Oracle Projects Cloud Sales of $166 Billion by 2030 Amid Expanding Business
By Axel Miller | 17 Oct 2025
Oracle is forecasting its cloud infrastructure revenue will soar to $166 billion by fiscal 2030, potentially accounting for nearly three-quarters of its total sales. The optimistic outlook was shared by CEO Clay Magouyrk during a meeting with financial analysts, who noted that new bookings are coming from a diverse range of clients, not just OpenAI.
CFO Dough Kehring added that Oracle anticipates overall revenue of $225 billion and adjusted earnings of $21 per share by 2030. These projections surpass analysts’ expectations, which had estimated $198.4 billion in total sales and $18.92 in adjusted earnings per share, according to LSEG data.

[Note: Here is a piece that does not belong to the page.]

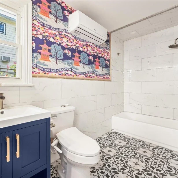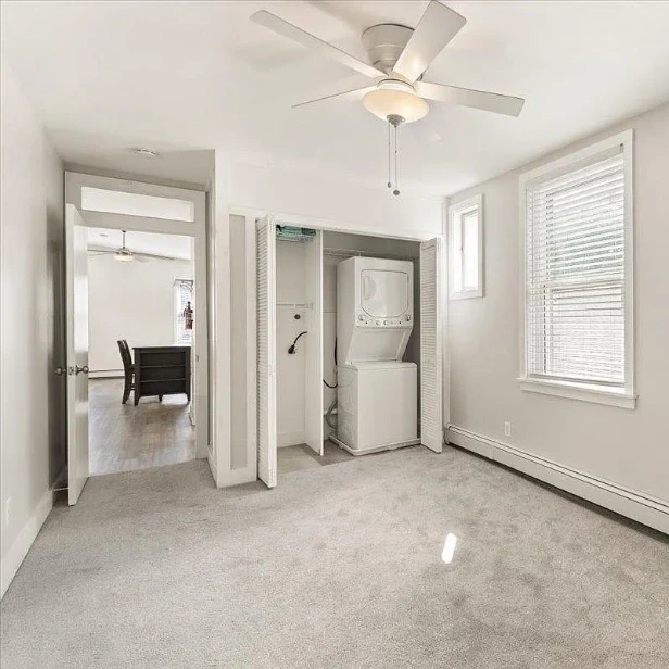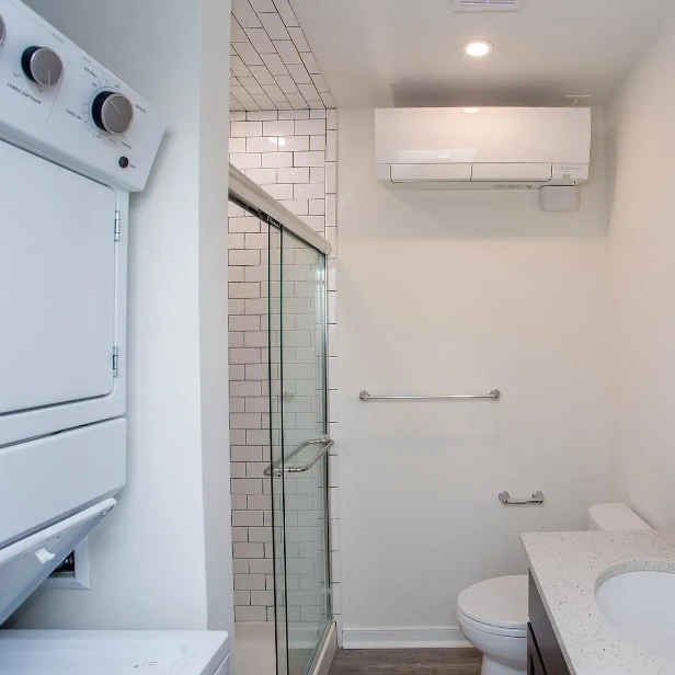 In-unit laundry, nice fixtures, and good light. Bathroom is through the bedroom.

Following the announcement, Oracle shares rose 3% in regular trading, though they dipped around 2% in after-hours trading after the company detailed broader revenue and profit forecasts.
Oracle has secured hundreds of billions in cloud infrastructure bookings, and separately, is collaborating with OpenAI on a $500 billion project that will include building five new data centers. In its most recent quarter, Oracle’s cloud revenue surged 28% to $7.2 billion.

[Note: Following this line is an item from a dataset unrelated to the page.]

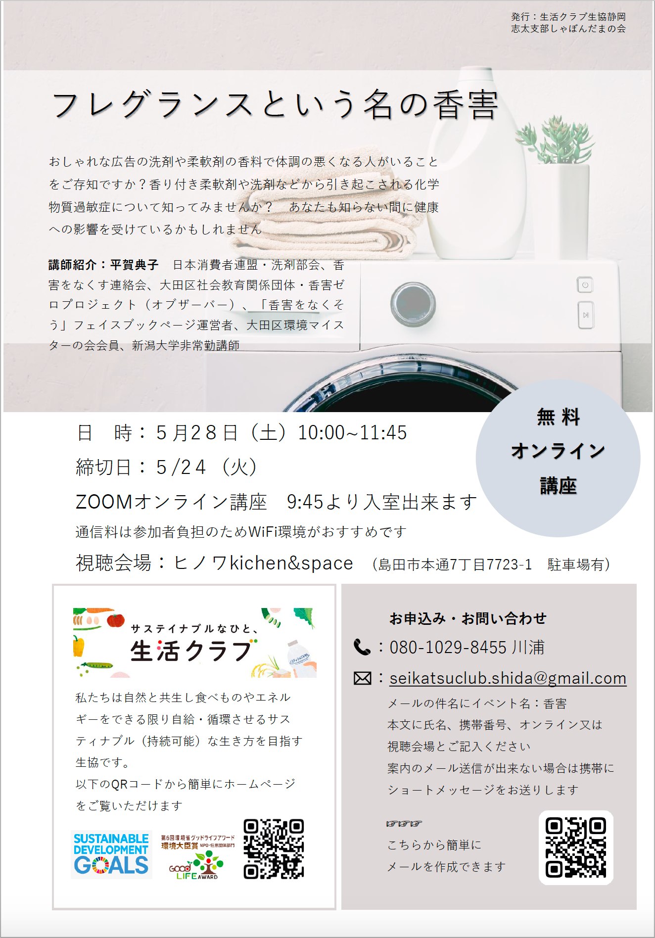 「香害は公害~見直そう毎日の暮らし方」 *イベント告知

Magouyrk highlighted that during a single 30-day period last quarter, Oracle Cloud Infrastructure (OCI) booked $65 billion in new commitments. This figure included a $20 billion deal with Meta Platforms, and notably, all seven major deals—spanning four different clients—came from customers other than OpenAI. “I know some people are questioning, ‘Hey, is it just OpenAI?’ The reality is, we think OpenAI is a great customer, but we have many customers,” he said.

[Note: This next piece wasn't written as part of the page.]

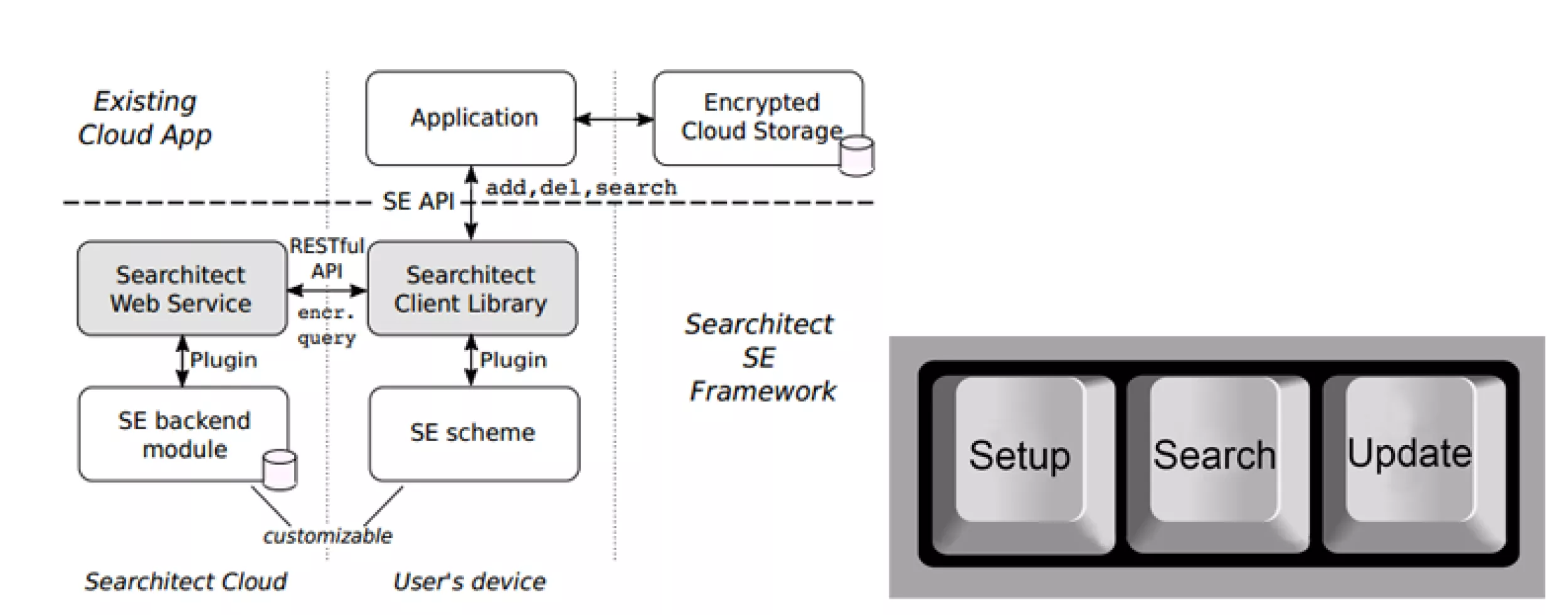 Damit ist gemeint, dass das Searchitect Framework Suchfunktionen und Verschlüsselung des Suchindex für eine Anwendung zur Verfügung stellt, indem der Searchitect Client in die Anwendung integriert wird, die Verschlüsselung der Daten selber aber weiterhin unabhängig davon Aufgabe der Anwendung bleibt.

Margins and Profitability Outlook
Investor concerns about gross margins were also addressed. Oracle reported a 68.7% gross margin in its latest quarter, though analysts expect a modest decline by fiscal 2027. For AI-focused cloud infrastructure, Oracle anticipates adjusted gross margins of 30% to 40%. In comparison, its traditional cloud software and infrastructure for business customers are projected to maintain margins between 65% and 80%.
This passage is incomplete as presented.